▶ WHAT IS EXPECTED
Lines from the line with "Mincer makes minced" to the line with "জ্যোতিষশাস্ত্রে সিংও রাশি" in the entries below, and only those, must be output exactly, with both ends included.

▶ Collected data entries

=-=-=-=-=

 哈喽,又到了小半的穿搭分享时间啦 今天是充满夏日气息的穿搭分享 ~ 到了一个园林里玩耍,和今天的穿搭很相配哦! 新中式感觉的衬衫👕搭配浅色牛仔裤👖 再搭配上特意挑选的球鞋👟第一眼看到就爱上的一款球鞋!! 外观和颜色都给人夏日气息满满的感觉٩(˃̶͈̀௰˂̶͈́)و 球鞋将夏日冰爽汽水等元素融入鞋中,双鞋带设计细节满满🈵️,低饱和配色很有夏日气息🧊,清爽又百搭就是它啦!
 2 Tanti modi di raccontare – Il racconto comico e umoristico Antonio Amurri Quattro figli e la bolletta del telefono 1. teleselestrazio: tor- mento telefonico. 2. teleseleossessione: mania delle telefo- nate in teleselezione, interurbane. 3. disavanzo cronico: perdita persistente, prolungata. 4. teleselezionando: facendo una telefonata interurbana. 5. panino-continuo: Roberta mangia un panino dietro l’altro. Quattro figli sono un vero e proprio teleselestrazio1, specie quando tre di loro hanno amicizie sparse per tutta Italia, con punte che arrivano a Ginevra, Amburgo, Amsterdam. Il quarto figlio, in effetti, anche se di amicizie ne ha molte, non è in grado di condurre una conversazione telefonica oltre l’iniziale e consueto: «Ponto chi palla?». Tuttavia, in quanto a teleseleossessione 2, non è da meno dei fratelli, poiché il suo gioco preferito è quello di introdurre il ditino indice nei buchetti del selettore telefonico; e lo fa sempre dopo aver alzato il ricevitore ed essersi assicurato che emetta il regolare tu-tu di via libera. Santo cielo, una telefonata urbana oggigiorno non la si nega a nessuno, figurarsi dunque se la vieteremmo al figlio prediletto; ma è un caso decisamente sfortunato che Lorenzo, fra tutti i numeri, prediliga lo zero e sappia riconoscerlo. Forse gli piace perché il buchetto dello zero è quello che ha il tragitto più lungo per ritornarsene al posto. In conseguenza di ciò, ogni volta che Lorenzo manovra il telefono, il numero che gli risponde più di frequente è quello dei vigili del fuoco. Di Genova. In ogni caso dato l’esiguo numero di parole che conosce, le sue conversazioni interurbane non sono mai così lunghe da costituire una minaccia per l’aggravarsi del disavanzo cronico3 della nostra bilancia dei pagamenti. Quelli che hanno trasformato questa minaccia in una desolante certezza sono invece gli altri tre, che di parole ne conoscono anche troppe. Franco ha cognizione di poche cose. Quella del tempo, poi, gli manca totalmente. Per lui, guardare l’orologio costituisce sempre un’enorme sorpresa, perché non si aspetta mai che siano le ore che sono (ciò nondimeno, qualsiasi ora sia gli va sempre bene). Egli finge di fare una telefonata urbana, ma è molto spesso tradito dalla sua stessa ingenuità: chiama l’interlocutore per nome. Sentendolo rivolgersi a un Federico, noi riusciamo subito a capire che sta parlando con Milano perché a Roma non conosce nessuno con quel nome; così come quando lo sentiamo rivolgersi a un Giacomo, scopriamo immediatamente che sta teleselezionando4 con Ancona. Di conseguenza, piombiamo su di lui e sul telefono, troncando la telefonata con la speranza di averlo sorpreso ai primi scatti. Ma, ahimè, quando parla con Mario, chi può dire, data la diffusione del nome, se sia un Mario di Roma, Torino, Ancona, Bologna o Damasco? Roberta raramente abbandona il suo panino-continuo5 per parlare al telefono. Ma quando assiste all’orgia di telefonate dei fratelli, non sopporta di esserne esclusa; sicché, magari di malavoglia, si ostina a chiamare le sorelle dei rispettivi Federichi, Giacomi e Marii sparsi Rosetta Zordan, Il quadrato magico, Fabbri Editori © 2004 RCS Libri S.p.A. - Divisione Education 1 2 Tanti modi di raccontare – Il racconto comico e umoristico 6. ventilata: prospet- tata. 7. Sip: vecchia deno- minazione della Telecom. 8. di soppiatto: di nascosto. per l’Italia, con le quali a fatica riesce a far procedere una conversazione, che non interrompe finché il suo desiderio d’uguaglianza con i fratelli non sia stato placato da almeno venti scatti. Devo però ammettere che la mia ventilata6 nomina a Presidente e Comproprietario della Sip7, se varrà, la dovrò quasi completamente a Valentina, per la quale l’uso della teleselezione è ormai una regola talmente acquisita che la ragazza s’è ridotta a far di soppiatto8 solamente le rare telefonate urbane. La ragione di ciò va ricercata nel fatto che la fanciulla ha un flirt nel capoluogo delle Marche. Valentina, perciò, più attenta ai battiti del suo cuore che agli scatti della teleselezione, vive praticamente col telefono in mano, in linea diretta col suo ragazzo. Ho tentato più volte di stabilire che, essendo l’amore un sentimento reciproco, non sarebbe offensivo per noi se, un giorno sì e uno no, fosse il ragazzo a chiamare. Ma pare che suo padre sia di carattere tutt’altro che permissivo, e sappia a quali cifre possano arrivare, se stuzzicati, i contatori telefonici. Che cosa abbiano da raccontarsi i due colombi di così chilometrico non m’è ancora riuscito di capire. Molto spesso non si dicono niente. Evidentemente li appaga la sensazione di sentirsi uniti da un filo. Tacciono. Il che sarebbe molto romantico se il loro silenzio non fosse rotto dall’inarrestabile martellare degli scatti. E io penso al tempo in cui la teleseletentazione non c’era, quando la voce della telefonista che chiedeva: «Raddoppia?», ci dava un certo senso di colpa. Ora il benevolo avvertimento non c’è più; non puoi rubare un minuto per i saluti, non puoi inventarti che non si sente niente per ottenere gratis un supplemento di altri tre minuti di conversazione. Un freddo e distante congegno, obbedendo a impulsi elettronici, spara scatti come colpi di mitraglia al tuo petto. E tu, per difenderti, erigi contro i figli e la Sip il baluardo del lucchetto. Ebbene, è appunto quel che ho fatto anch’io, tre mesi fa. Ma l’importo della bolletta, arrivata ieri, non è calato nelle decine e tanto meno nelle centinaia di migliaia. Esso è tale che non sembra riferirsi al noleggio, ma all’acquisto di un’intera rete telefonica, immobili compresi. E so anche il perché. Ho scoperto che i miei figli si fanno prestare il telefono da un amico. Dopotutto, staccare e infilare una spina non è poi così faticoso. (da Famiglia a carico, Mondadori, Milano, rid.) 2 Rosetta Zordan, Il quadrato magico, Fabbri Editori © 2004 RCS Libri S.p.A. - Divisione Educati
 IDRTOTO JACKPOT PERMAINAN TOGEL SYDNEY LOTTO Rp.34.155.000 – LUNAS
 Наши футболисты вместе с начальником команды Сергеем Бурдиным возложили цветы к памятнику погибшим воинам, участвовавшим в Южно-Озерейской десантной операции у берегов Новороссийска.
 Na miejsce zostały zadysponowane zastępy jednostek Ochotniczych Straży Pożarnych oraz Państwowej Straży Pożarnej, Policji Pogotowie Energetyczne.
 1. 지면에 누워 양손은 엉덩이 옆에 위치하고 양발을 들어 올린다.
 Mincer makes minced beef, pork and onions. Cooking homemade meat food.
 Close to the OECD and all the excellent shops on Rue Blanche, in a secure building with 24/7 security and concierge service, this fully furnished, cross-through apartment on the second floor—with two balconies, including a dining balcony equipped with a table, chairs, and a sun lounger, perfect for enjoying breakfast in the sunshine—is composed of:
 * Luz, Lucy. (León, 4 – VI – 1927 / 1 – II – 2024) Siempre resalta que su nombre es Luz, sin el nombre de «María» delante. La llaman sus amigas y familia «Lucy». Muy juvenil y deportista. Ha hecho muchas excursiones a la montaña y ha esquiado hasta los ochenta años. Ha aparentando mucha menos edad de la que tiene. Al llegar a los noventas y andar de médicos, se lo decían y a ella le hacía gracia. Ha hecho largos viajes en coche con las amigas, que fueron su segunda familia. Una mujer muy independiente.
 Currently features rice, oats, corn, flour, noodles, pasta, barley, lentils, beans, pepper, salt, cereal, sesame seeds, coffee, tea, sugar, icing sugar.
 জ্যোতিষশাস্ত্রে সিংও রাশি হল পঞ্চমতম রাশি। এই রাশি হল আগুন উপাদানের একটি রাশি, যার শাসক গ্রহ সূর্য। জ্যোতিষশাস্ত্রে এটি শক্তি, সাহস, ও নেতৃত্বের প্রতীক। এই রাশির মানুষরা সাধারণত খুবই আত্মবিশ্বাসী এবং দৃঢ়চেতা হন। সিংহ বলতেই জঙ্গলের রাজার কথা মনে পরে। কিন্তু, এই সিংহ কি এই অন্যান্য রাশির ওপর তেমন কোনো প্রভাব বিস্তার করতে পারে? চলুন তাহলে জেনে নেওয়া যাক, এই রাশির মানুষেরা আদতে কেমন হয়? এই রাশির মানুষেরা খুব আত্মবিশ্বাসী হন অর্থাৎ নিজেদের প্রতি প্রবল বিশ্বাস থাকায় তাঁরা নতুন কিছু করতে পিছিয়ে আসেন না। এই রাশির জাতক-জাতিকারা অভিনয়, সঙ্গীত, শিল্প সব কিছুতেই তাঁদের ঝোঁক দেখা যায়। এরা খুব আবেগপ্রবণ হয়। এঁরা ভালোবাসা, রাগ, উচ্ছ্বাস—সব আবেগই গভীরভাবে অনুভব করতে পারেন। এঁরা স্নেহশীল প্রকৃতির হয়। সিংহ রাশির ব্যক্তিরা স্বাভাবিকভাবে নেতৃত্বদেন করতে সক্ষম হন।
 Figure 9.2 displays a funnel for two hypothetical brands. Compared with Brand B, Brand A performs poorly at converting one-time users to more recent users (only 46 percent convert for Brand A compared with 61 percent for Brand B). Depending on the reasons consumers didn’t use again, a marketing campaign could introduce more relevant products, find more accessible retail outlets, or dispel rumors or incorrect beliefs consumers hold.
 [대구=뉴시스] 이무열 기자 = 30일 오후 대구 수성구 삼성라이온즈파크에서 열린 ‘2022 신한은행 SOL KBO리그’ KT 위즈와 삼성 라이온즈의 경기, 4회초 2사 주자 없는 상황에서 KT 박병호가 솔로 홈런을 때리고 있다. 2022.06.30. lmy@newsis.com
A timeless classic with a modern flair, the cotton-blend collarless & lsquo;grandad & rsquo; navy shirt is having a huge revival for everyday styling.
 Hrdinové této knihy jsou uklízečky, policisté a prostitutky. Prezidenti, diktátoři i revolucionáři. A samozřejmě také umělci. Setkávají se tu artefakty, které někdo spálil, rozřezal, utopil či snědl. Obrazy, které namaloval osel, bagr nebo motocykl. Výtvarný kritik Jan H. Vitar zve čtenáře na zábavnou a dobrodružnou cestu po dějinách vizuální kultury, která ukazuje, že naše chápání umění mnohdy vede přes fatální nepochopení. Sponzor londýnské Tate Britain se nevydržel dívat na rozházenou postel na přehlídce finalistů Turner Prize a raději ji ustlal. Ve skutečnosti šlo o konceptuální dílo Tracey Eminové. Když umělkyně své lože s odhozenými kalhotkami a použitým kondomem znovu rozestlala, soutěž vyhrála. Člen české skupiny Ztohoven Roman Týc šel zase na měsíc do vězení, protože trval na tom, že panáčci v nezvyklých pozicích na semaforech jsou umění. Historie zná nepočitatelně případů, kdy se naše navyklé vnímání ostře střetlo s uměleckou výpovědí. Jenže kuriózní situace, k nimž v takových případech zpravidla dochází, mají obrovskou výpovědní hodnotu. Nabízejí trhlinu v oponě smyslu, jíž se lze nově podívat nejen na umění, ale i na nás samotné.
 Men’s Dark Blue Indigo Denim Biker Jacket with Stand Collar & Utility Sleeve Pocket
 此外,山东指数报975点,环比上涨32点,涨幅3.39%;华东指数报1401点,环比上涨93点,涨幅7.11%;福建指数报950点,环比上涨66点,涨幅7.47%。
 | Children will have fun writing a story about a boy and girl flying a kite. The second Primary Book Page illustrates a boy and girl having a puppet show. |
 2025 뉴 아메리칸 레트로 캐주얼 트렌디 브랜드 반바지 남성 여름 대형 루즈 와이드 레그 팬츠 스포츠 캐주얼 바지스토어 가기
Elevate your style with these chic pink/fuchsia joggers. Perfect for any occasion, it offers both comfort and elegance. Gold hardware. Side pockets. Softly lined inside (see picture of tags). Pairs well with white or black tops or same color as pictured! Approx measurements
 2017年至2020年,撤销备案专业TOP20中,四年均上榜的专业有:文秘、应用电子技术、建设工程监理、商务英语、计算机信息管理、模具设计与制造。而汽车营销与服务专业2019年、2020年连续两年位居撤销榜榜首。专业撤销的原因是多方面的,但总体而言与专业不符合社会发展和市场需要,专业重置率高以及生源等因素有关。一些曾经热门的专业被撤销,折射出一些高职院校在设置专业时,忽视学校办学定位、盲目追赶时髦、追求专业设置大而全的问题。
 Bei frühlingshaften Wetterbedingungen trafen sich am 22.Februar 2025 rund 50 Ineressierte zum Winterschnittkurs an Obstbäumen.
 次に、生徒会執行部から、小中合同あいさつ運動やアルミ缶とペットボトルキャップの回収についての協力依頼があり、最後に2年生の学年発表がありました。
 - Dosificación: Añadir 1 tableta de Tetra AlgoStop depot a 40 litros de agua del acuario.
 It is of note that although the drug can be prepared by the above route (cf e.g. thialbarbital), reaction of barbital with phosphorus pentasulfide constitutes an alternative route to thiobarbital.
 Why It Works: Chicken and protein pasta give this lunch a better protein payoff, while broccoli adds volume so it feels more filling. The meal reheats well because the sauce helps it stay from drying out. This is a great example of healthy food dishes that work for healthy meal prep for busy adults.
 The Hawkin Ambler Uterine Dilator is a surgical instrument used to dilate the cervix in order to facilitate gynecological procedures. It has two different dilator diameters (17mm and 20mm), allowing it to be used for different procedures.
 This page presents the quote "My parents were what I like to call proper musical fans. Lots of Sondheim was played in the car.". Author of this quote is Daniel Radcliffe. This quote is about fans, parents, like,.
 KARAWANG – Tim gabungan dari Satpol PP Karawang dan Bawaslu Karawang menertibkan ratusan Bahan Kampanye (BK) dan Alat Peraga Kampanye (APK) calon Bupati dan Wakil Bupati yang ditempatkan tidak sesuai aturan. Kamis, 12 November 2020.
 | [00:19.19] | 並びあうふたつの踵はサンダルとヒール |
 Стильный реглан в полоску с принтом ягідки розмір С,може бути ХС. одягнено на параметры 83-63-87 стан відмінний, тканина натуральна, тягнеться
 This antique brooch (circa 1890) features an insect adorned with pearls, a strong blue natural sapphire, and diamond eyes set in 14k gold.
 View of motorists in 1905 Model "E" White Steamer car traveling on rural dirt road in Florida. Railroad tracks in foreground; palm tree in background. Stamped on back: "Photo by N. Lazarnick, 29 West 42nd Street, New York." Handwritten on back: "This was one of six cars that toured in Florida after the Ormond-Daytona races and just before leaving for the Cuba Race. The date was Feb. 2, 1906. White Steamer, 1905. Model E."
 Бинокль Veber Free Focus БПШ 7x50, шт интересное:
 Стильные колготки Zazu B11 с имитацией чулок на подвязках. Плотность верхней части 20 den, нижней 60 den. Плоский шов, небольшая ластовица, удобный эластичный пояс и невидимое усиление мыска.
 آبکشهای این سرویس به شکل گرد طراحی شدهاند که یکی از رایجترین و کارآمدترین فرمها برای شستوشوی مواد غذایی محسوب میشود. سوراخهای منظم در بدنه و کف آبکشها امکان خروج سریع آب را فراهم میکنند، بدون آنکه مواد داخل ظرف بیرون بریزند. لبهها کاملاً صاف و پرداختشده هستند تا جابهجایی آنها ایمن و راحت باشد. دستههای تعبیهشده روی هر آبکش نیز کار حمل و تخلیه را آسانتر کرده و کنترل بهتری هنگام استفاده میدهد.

=-=-=-=-=

▶ SOLUTION TO THIS TASK
 Mincer makes minced beef, pork and onions. Cooking homemade meat food.
 Close to the OECD and all the excellent shops on Rue Blanche, in a secure building with 24/7 security and concierge service, this fully furnished, cross-through apartment on the second floor—with two balconies, including a dining balcony equipped with a table, chairs, and a sun lounger, perfect for enjoying breakfast in the sunshine—is composed of:
 * Luz, Lucy. (León, 4 – VI – 1927 / 1 – II – 2024) Siempre resalta que su nombre es Luz, sin el nombre de «María» delante. La llaman sus amigas y familia «Lucy». Muy juvenil y deportista. Ha hecho muchas excursiones a la montaña y ha esquiado hasta los ochenta años. Ha aparentando mucha menos edad de la que tiene. Al llegar a los noventas y andar de médicos, se lo decían y a ella le hacía gracia. Ha hecho largos viajes en coche con las amigas, que fueron su segunda familia. Una mujer muy independiente.
 Currently features rice, oats, corn, flour, noodles, pasta, barley, lentils, beans, pepper, salt, cereal, sesame seeds, coffee, tea, sugar, icing sugar.
 জ্যোতিষশাস্ত্রে সিংও রাশি হল পঞ্চমতম রাশি। এই রাশি হল আগুন উপাদানের একটি রাশি, যার শাসক গ্রহ সূর্য। জ্যোতিষশাস্ত্রে এটি শক্তি, সাহস, ও নেতৃত্বের প্রতীক। এই রাশির মানুষরা সাধারণত খুবই আত্মবিশ্বাসী এবং দৃঢ়চেতা হন। সিংহ বলতেই জঙ্গলের রাজার কথা মনে পরে। কিন্তু, এই সিংহ কি এই অন্যান্য রাশির ওপর তেমন কোনো প্রভাব বিস্তার করতে পারে? চলুন তাহলে জেনে নেওয়া যাক, এই রাশির মানুষেরা আদতে কেমন হয়? এই রাশির মানুষেরা খুব আত্মবিশ্বাসী হন অর্থাৎ নিজেদের প্রতি প্রবল বিশ্বাস থাকায় তাঁরা নতুন কিছু করতে পিছিয়ে আসেন না। এই রাশির জাতক-জাতিকারা অভিনয়, সঙ্গীত, শিল্প সব কিছুতেই তাঁদের ঝোঁক দেখা যায়। এরা খুব আবেগপ্রবণ হয়। এঁরা ভালোবাসা, রাগ, উচ্ছ্বাস—সব আবেগই গভীরভাবে অনুভব করতে পারেন। এঁরা স্নেহশীল প্রকৃতির হয়। সিংহ রাশির ব্যক্তিরা স্বাভাবিকভাবে নেতৃত্বদেন করতে সক্ষম হন।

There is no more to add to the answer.